Gustaf Caspar Orm Skarsgård (born 12 November 1980) is a Swedish actor. He is known for his roles in Evil (2003), The Way Back (2010) and Kon-Tiki (2012). He also appeared in the HBO TV series Westworld (2018), as Merlin in the Netflix TV series Cursed (2020),   and as Floki in the History Channel series Vikings (2013–2020).

Early life 
Skarsgård was born on 12 November 1980 in Stockholm, Sweden, to Swedish actor Stellan Skarsgård and his first wife, My, a physician. He has five siblings: Alexander, Sam, Bill, Eija and Valter, and two half-brothers Ossian and Kolbjörn by his father's second marriage, to Megan Everett. Alexander, Bill, and Valter are also actors. His godfather is Swedish actor Peter Stormare. Gustaf decided to follow in his father's footsteps as an actor at the age of six and attended drama school.

Career 
Skarsgård’s film debut was in 1989 in the short film Prima Ballerina, where he played a ballet pupil.

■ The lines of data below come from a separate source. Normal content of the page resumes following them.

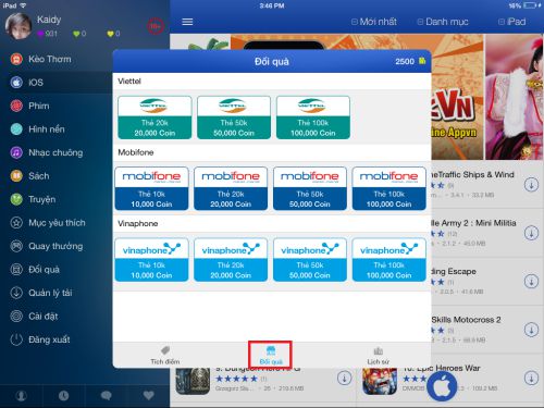 Bước 7: Khi tích lũy đủ số coin nhất định bạn có thể đổi thưởng tại mục Đổi quà
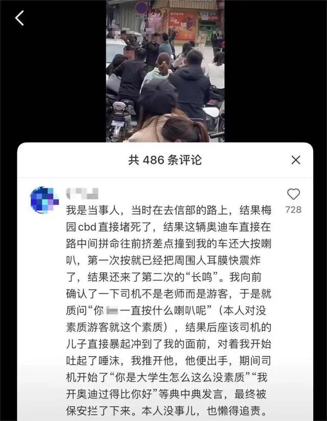 一名自称涉事学生的男子称,“奥迪车直接在路中间拼命往前挤,差点撞到我的车还大按喇叭。第一次按就已经把周围人耳膜快震炸了,结果还来了第二次的‘长鸣’。我向前确认了一下,司机不是老师而是游客,于是就质问对方”,而后,后座的年轻男子冲到他面前,“他对着我吐起了唾沫,我推开他,他便出手……”
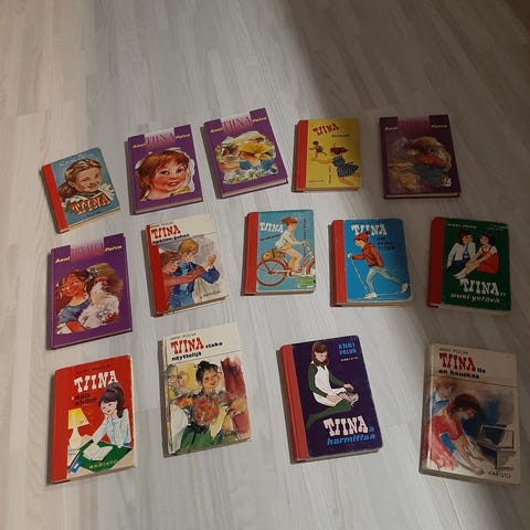 Anni Polvan Tiina-kirjasarjan loput 15 kirjaa, vanhin kirja 1970-luvulta ja uusin 2000-luvulta, kirjoissa käytön jälkiä mutta ovat ehjiä, sarjan ensimmäiset 14 kirjaa myynnissä toisessa ilmoituksessa, voi myös tarjota hintaa

The same year, Skarsgård starred in the Swedish Film Codename Coq Rouge. Gustaf Skarsgård continued with several children's and youth roles, for example, Min vän Percys magiska gymnastikskor (1994) and Skuggornas hus (1996). 

He attended the Swedish National Academy of Mime and Acting in Stockholm (Teaterhögskolan) from 1998 to 2003, before joining the Royal Dramatic Theatre, Stockholm. He played in several of Shakespeare’s, Chekhov's and Söderberg’s works both on the Royal Dramatic Theatre and on Stockholm City Theatre. In 2003 he performed in Evil and 2008 in Patrik 1,5. For both roles he was nominated for the Guldbagge Award as Best Supporting Actor and as Best Leading Actor. The same year he was awarded the Shooting Star at the Berlin International Film Festival. He finally won the Guldbagge as Best Leading Actor for his performance in Förortsungar. 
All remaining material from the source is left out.